- EXERCISE DIRECTIONS
Given the entries that follow, write out exactly the lines starting at the one containing "Εικόνα 1. Γεωλογικός" and ending at the one containing "活动说明:全新系列活动来了!", both ends included, and only those.
======== DATASET ========
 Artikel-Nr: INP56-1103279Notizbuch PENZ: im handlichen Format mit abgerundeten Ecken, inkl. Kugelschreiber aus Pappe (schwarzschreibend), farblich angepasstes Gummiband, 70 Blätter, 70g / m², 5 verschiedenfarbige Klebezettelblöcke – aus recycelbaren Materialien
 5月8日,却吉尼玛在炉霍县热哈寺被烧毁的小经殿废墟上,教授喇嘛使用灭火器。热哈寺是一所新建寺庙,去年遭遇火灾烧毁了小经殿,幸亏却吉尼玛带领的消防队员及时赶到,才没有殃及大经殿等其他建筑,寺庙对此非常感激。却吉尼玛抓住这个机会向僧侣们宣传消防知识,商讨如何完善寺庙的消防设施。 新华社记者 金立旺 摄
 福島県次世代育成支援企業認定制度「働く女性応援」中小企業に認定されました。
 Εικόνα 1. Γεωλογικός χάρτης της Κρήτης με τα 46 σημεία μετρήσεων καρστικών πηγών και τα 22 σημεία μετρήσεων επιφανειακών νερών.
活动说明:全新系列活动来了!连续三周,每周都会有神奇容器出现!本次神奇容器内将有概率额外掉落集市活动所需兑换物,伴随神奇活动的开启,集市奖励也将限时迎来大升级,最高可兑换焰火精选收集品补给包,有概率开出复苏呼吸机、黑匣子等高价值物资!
========
======== DATASET ========
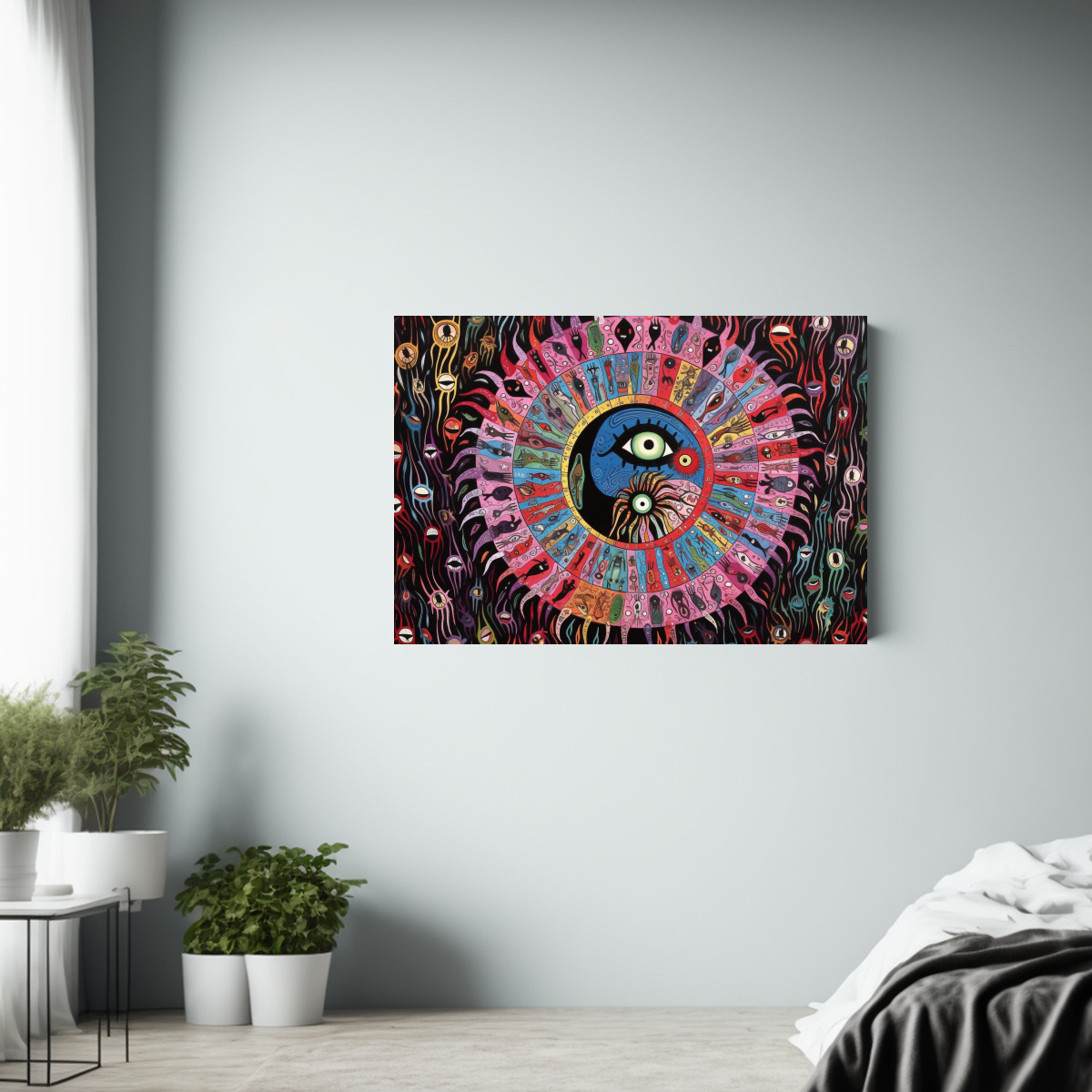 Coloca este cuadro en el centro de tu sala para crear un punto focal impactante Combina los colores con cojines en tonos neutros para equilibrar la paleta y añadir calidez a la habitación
========
- SOLUTION BELOW
 Εικόνα 1. Γεωλογικός χάρτης της Κρήτης με τα 46 σημεία μετρήσεων καρστικών πηγών και τα 22 σημεία μετρήσεων επιφανειακών νερών.
活动说明:全新系列活动来了!连续三周,每周都会有神奇容器出现!本次神奇容器内将有概率额外掉落集市活动所需兑换物,伴随神奇活动的开启,集市奖励也将限时迎来大升级,最高可兑换焰火精选收集品补给包,有概率开出复苏呼吸机、黑匣子等高价值物资!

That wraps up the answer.